Jako firma o włączającej kulturze pracy i zróżnicowanym zespole, zatrudniamy także osoby, dla których pandemia jest większym wyzwaniem w zakresie zdrowia, ponieważ znajdują się w grupie podwyższonego ryzyka. Do takich przypadków zawsze podchodzimy indywidualnie, z otwartością na rozmowę i wspólne poszukiwanie rozwiązań, np. możliwości pracy zdalnej lub szkoleń online. Ponadto, każdy pracownik, który tego potrzebuje, może skorzystać ze wsparcia psychologicznego udzielanego przez telefon przez specjalistów placówek Medicover, z którymi na co dzień współpracujemy w zakresie opieki medycznej. W każdym sklepie pracownicy mogą również na własną prośbę skorzystać z pomiaru temperatury.

Oczywiście na bieżąco śledzimy i wdrażamy zalecenia i wytyczne władz lokalnych, zapewniając, że bezpieczeństwo pracowników i klientów jest dla nas priorytetem.

A jak wygląda podejście do pracowników, którzy mają dzieci pod opieką?

– Na tych stanowiskach, gdzie było to możliwe, wprowadziliśmy jeszcze bardziej elastyczne podejście do godzin rozpoczęcia i zakończenia dnia pracy.
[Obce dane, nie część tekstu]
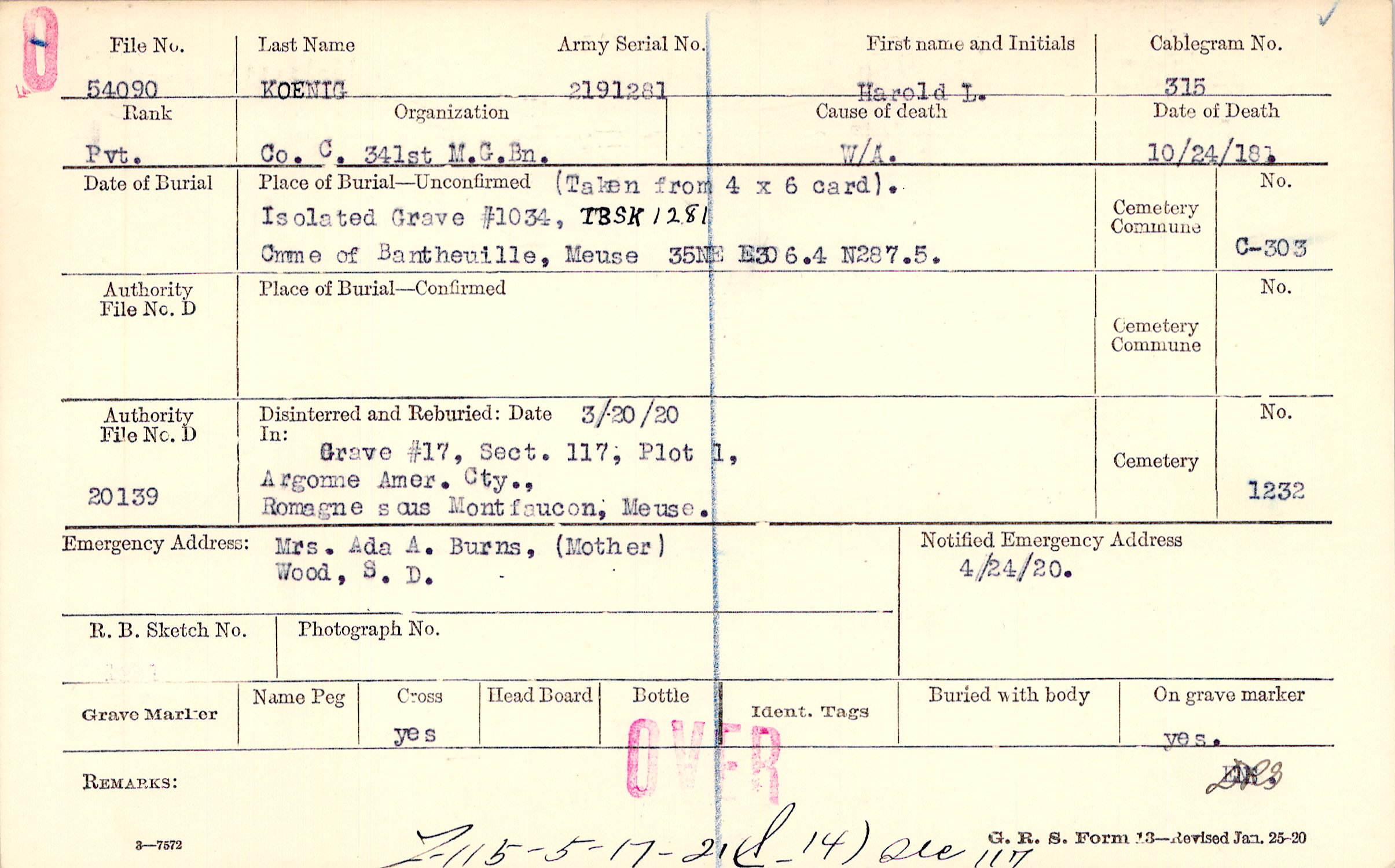 Isolated Grave #1034, TBSK 1281, Cmme of Bantheuille, Meuse, 35 NE
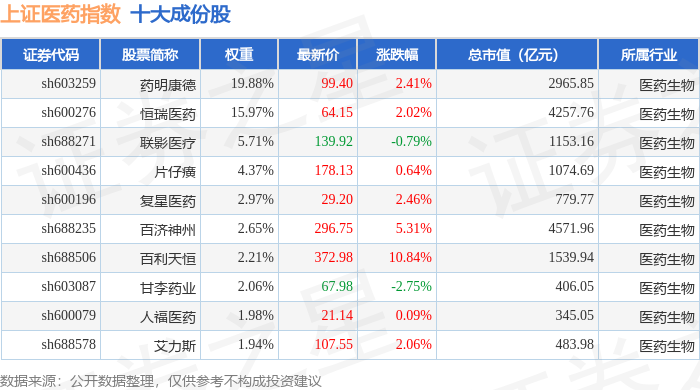 上证医药(000037)指数十大成份股详情如下:
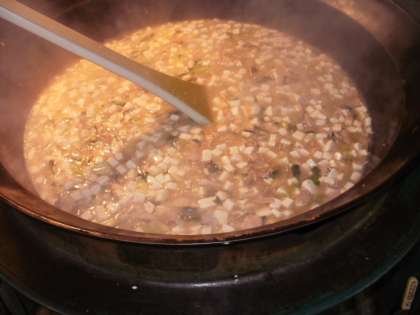 「豚肉ととうふのくず煮」はだし汁に豚肉・玉ねぎ・しいたけを柔らかく煮て、たくさんのとうふを入れて調味し、チンゲン菜・しょうが最後に片栗粉でとじて仕上げました。だしがよくきいて熱々で美味しかったです。
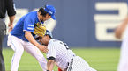 [OSEN=잠실, 김성락 기자] 16일 오후 서울 잠실구장에서 ‘2022 신한은행 SOL KBO리그’ LG 트윈스와 삼성 라이온즈의 경기가 열렸다.1회말 2사 2루 LG 가르시아가 1타점 적시타를 날린 뒤 2루까지 내달렸지만 삼성 2루수 김상수에

Wprowadziliśmy również zalecenie korzystania w jak największym stopniu z pracy zdalnej, tak aby móc zapewnić bezpieczeństwo oraz ułatwić łączenie życia zawodowego z nowymi codziennymi obowiązkami związanymi właśnie z koniecznością opieki nad swoimi dziećmi.

Wprowadziliśmy również zalecenie korzystania w jak największym stopniu z pracy zdalnej.
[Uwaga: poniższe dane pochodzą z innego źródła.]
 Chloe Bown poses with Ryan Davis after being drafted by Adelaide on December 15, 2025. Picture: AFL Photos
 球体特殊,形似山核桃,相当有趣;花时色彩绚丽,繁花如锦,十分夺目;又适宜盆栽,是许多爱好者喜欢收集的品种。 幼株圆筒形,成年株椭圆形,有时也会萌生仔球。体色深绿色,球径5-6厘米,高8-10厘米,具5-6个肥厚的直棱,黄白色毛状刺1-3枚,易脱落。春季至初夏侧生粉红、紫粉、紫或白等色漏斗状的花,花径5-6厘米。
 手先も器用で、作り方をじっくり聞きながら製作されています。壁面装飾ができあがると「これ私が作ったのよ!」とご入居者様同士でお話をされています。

W okresie od 15 marca do 12 kwietnia 2020 r. IKEA dofinansowywała 20-procentową różnicę do wysokości pełnego wynagrodzenia rodziców korzystających z zasiłku opiekuńczego. Samotni rodzice we wspomnianym okresie mieli także możliwość pozostania z dzieckiem w domu nawet, jeżeli ukończyło ono 8 lat (do ukończonych 12 lat) oraz zapewniliśmy wsparcie w wysokości pełnego wynagrodzenia za okres maksymalnie 10 dni szkolnych. W trakcie zamknięcia sklepów osoby wykonujące tam pracę miały zapewnione posiłki za 1 zł, a także możliwość dokonywania zakupów z większymi niż dotychczas rabatami, np. dodatkowe 50% zniżki na zakup produktów spożywczych w naszym Sklepiku Szwedzkim IKEA.

Rozmowę przeprowadziła Aleksandra Wróbel.